Parrot Fish used to be reserved for the Philippine royalty but in recent years, their consumption has been greatly commonized.
The Parrot Fish have a complicated life cycle and everything I say will be a general rule for the Parrot Fish family as a whole. To reiterate my earlier point, there are about 95 species of Parrot Fish and while there are general rules that most species follow, there are also species with an exception to that rule.
For example, most Parrot Fish start the beginning of their lives as a female and change into a male as they mature. These sex changes are usually accompanied by changes in the colors of the scales. With younger fishes being dull colors like red, brown, or grey. And mature fishes being the more bright and flashy green, blue, pink, yellow, and orange.

But the Mediterranean Parrotfish have some females staying females their entire natural lives.
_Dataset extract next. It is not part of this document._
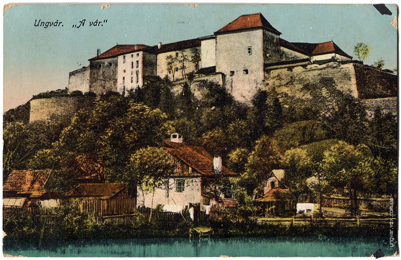 Ужгородський замок (K. J. Bp. Törv. védve 1914/18 Bc. :: 11)
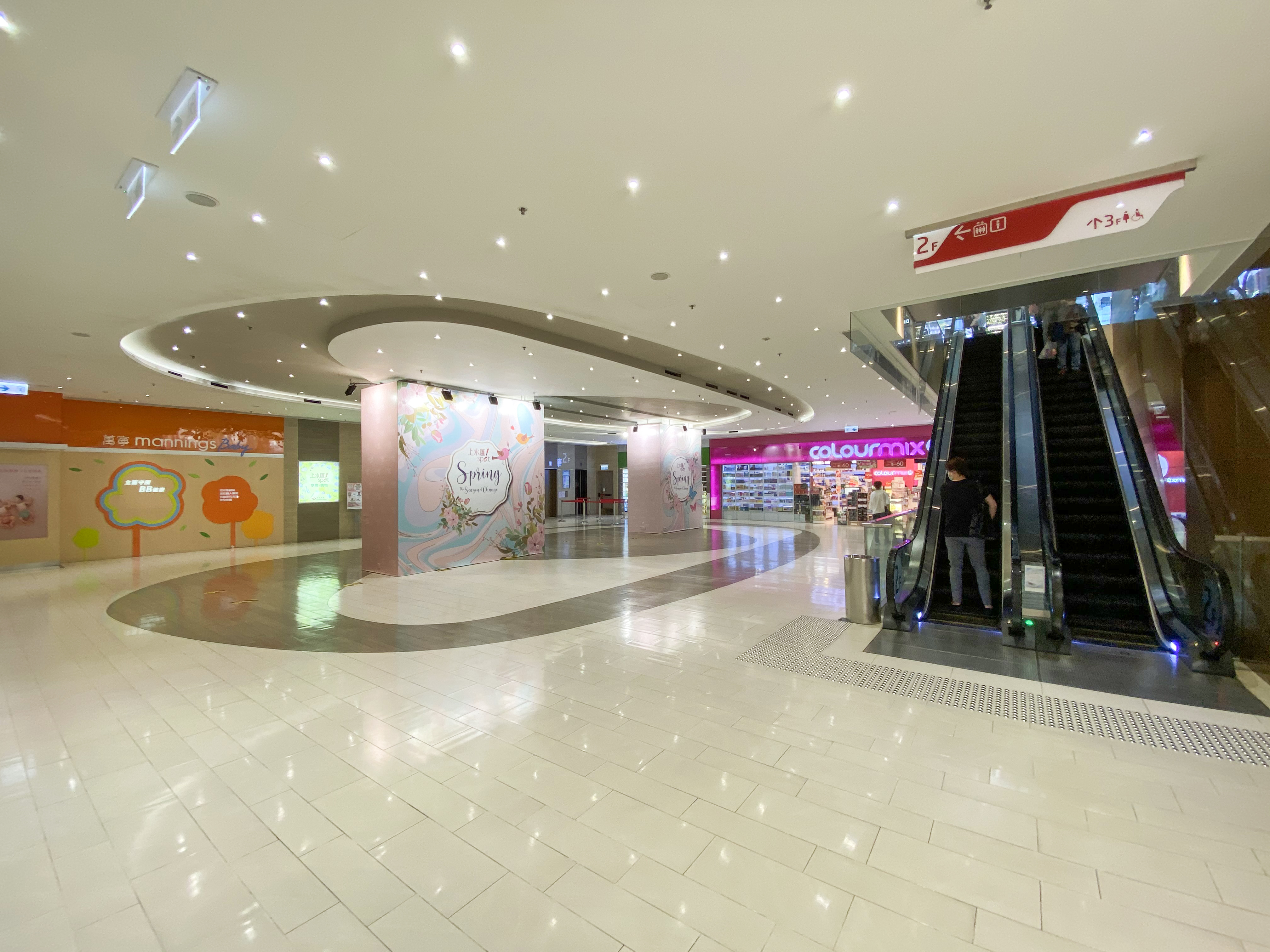 Sheung Shui Spot Level 2

And the Marbled Parrotfish is the only species of the family to not change its sex at all.

All of these changes in sexes and changes in colors as well as an ability to temporarily mimic other species’ colors that I don’t have the time to get into right now has made classifying Parrotfish a complete nightmare. In fact, early biologists studying the Parrotfish family initially thought there were as many as 350 different species. Which is about four times the actual amount.
Even today, estimates on the number of different Parrotfish species is unclear, ranging from 80 to around 95.